How to Make Awards Work For You (On Your Resume)

Though awards could be a selling point of your resume, for most people, they fall sort of... flat. A typical "awards" section on a resume looks something like this:

  • Alpha Nu Scholarship Recipient (2010).
  • 1st Place, Innovation Award (2009).

Although the second bullet is a bit better than the first one, both are fairly meaningless. The reason is that both are totally "unquantified." I have no idea what these awards really mean.

Awards can be a selling for your application because they show at least one occasion where you were, objectively, better than everyone else. So, your job is to show that this is what that award means.

Make it meaningful!

How do you do that? Tell the reader these details:

  • How selective is the award? It's great that you won an award, but there's a big difference between placing first out of 5 teams and placing first out of 500. Tell me how many people you beat out to get that award (percentage or absolute numbers are both fine).
  • What is the award for? I have no idea what the John R. Robertson award is. Tell me why you won the award. Was it academic achievement, test scores, a business plan, etc?
  • What did you win? A good way to make an award "meaningful" is to tell me what you won. If you received a $50,000 scholarship, I know you must have done something pretty cool to get that. They don't just throw $50,000 at anyone.

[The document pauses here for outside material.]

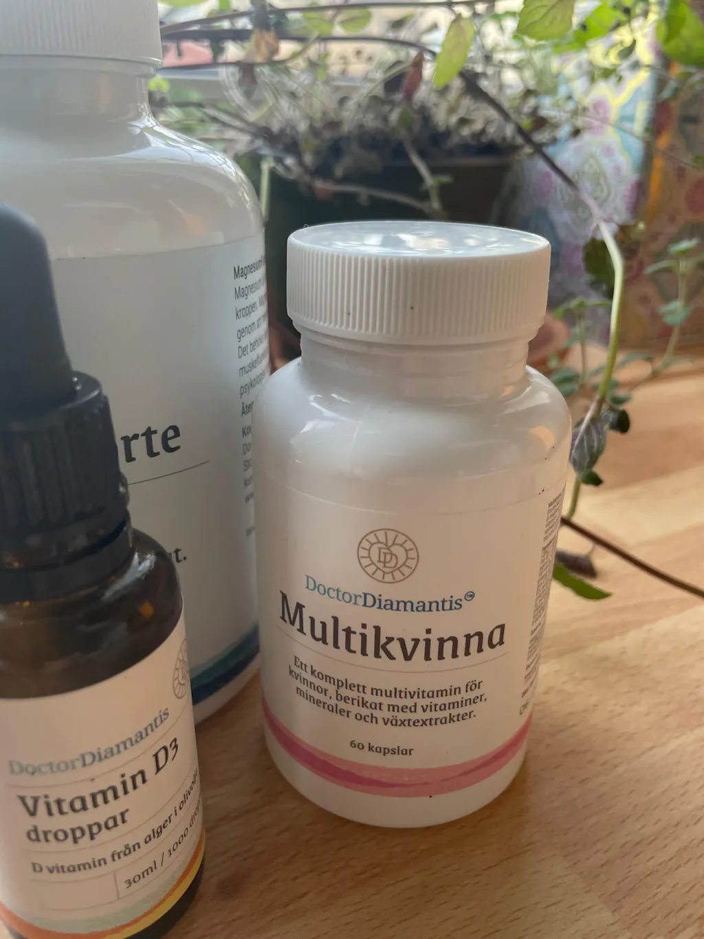 Skönt med en produkt som innehåller nästan allt man behöver. Jag har kompletterat med magnesium och D-vitamin. Upplever att jag känt mig lite piggare efter att jag började med multikvinna. Ville testa pms multivitamin och multiört, men har ej råd med båda och därför tänkte jag att denna va ett bra alternativ.

So next time you're writing your resume, I want to see this instead:

  • Alpha Nu Scholarship Recipient (2010). Selected out of 1,500 students to receive $50,000 academic scholarship from Greenberg Bank due to outstanding academic performance and community involvement.
  • 1st Place, Innovation Award (2009). Awarded most innovative senior project (out of 120 senior projects) by student and faculty vote.

This Is About More Than Just Awards

Before you assume that this doesn't apply to you (because you don't have any awards), remember this is about more than just awards.

Ultimately, this is about how you quantify what your accomplishments, and it's not always as straightforward as it might seem.

Suppose you wrote this on your resume under your projects section:

  • Snakes and Ladders (iPhone App): Built iPhone game for [...].

That's neat and all. But it's not nearly as good as this:

  • Snakes and Ladders (iPhone App): Built iPhone game for [...]. Downloaded 10,000 times and received rating of 4.7 out of 5.0.

The above one shows that it wasn't complete junk, because it got good ratings and a decent number of people downloaded it. But is 10,000 downloads great, or just decent? I don't know - and neither will the person reading your resume.

An even better way of doing this is if you can put it in a way that other people will understand. For example:

  • Snakes and Ladders (iPhone App): Built iPhone game for [...]. Downloaded 10,000 times and received rating of 4.7 out of 5.0. Ranked as #2 game on iPhone App Store in June 2011.

So remember: make your accomplishments meaningful.